The AI detection system is specifically designed for Japanese railway station romanizations:
- Input: Station name (romanized), railway company, prefecture, and line information
- Task: Identify potential spelling errors in station name romanizations using railway context
- Output: JSON array of suggested corrections, empty if no issues found
- Context: Leverages Japanese romanization conventions and railway naming patterns
The tool understands Japanese romanization conventions and automatically excludes common variations:
- Macron variations (Ε vs ou, Ε« vs uu) are treated as legitimate alternatives, not typos
- Company-specific conventions are respected (e.g., JR vs private railway standards)

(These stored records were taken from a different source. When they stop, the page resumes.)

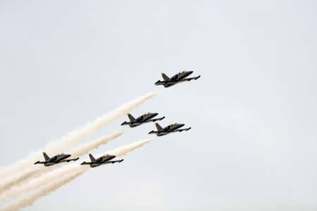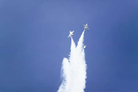 Airshow of military jet fighters. Group of military airplanes performs maneuvers with a smoke trace. Aviation background
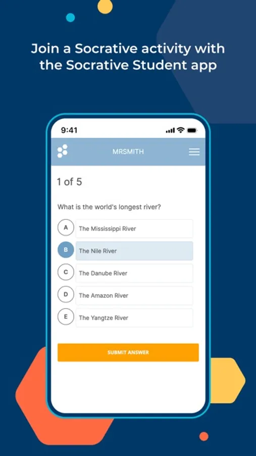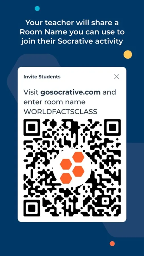 Students share their understanding by answering formative assessment questions in a variety of formats: quizzes, quick question polls, exit tickets and space races. Once students launch the Socrative Student App, they'll be prompted to join the teacher's room via the teacher's unique code. No student accounts necessary!
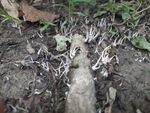 Coprinus disseminatus; commonly known as "fairy inkcap" or "trooping crumble cap” in a tree

- Historical romanizations are preserved when contextually appropriate
- Regional variations in romanization styles are accommodated
- Context-aware analysis using railway company, prefecture, and line data
- Romanization expertise built for Japanese station naming conventions
- Batch processing optimized for large railway databases
- Smart caching to reduce API costs on incremental updates
- Romanization filtering that understands legitimate macron variations
- Company-specific rules for different railway operator standards
- Context enrichment with full railway metadata for informed decisions
- Export flexibility supporting both automated processing and manual review
- Railway data integrity preservation during correction process
- Backup functionality for safe dataset updates
- Progress tracking with detailed correction statistics
- Flexible deployment supporting both new file creation and in-place updates
- TrainLCD-specific: This tool is designed exclusively for the TrainLCD project and its data transparency requirements
- Schema dependency: Only works with CSV files from https://github.com/TrainLCD/StationAPI/tree/dev/data
- No generic support: Other railway datasets or custom CSV schemas are not supported
- Modification required: Using this tool with different data sources requires significant code changes
This project is licensed under the MIT License - see the LICENSE file for details.